The Empty Chair

This article is from the archive of The New York Sun before the launch of its new website in 2022. The Sun has neither altered nor updated such articles but will seek to correct any errors, mis-categorizations or other problems introduced during transfer.

The New York Sun

This week’s commencement exercises at Columbia were a joyful occasion for members of the Class of 2006, but one man was not able to celebrate the conferral of his degree at Morningside Heights. The university had awarded an honorary Doctor of Laws to a leading Cuban democracy activist, Oswaldo Paya. Fidel Castro, however, did not award Mr. Paya permission to leave that country in order to receive his degree. His chair on the dais was empty.

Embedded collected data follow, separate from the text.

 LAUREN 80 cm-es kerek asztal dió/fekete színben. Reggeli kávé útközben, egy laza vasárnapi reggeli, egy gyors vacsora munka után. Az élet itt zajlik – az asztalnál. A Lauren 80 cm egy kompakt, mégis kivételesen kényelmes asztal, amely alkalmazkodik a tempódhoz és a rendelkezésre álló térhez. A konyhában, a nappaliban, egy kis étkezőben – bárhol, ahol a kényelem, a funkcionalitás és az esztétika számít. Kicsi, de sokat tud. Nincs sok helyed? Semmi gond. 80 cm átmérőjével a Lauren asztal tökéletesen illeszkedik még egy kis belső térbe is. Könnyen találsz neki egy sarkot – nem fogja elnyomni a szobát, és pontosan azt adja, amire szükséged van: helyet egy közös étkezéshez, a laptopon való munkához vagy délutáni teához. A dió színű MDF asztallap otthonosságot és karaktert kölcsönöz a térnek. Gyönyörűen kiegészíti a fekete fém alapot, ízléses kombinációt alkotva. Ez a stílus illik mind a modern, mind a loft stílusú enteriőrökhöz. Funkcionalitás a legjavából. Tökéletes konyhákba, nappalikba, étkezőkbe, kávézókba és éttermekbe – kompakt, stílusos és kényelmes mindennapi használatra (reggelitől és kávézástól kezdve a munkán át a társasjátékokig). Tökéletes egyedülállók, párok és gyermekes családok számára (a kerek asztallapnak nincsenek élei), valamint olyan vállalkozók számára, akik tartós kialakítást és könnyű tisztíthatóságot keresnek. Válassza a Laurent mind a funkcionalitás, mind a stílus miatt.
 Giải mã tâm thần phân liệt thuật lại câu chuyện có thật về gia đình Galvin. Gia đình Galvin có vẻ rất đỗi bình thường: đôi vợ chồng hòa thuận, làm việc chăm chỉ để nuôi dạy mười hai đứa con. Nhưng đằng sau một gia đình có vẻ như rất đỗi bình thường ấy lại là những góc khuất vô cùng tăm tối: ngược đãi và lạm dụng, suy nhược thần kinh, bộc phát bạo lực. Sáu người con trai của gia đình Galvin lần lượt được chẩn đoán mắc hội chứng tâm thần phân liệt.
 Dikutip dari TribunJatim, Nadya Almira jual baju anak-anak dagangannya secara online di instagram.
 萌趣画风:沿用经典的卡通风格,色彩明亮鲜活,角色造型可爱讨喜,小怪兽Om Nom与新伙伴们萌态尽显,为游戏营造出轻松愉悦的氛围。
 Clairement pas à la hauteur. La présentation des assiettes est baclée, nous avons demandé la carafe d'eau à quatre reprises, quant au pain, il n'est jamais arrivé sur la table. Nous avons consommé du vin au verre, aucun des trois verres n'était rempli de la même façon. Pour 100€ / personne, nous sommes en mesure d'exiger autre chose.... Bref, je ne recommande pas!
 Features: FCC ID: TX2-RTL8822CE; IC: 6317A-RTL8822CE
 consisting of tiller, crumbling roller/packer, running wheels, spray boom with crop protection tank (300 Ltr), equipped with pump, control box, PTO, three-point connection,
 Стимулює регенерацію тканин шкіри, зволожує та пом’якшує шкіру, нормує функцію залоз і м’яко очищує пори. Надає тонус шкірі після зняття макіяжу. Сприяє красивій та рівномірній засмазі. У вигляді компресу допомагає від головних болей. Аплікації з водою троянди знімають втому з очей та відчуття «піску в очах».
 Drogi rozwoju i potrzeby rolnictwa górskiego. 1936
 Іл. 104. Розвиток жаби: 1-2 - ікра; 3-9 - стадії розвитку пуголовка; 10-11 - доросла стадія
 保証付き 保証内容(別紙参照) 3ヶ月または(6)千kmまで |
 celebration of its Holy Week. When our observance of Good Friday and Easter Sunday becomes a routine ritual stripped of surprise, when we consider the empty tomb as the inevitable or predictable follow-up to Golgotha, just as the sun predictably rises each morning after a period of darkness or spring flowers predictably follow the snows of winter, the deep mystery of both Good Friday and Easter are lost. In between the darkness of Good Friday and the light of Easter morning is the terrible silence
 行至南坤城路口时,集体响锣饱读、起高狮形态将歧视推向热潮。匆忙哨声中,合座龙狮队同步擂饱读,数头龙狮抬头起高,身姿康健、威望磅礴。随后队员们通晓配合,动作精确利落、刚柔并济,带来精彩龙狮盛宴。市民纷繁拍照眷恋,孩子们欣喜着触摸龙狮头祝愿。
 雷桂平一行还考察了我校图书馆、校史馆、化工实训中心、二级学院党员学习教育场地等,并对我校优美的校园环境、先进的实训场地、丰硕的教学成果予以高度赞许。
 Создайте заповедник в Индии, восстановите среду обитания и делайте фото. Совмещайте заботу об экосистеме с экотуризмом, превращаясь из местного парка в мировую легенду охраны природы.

Mr. Paya most recently has garnered attention for releasing a proposed new constitution for Cuba, one that would ban propaganda, protect private property, encourage private entrepreneurship, and guarantee the right to criticize the government. It’s not the first offense against Cuba’s ruling regime for Mr. Paya. In 1996, he started the Varela Project, a petition drive to accumulate the 10,000 signatures his Christian Liberation Movement Party would need to force, under the 1976 “constitution,” a referendum on changes to guarantee the freedoms of speech, assembly, and free enterprise, as well as creating multiparty elections and releasing political prisoners.

By 2004, he had gained 25,000 signatures, no mean feat considering what a risk each signer had to take in putting his or her name to a protest document in a repressive state. Despite meeting the legal threshold, no referendum has been forthcoming. Instead, the government has declared its commitment to socialism to be “irrevocable.”

Columbia university honored Mr. Paya’s request that it not award the degree in absentia; he holds out hope that he will one day be able to travel to New York to accept the honor in person. Columbia’s president, Lee Bollinger, did read the citation, which says, in part, “Engineer, journalist, activist, tireless campaigner for human rights, and advocate for the people of Cuba, you represent the aspirations of millions around the world yearning for freedom and democracy. At great personal sacrifice and despite nearly constant surveillance and harassment, you have remained committed to nonviolent dissidence and political change. You embody a life of principle in practice, and we are proud to celebrate your extraordinary dedication to peaceful, democratic values.”

Mr. Paya was not able to speak to the Class of 2006 upon the conferral of his degree, but the remarks he offered when he accepted the European Union’s Andrei Sakharov Prize for Freedom of Thought in December 2002, which he accepted on behalf of all Cubans, give a sense of his spirit: “We bring from Cuba a message of peace and solidarity for all peoples. The people of Cuba accept this prize with dignity and in the hope that we can rebuild our society with love for all, as brothers, and as children of God. Cubans are straightforward people and want nothing more than to live in peace and progress in our work, but we cannot, we do not know how to, and we do not want to live without freedom.”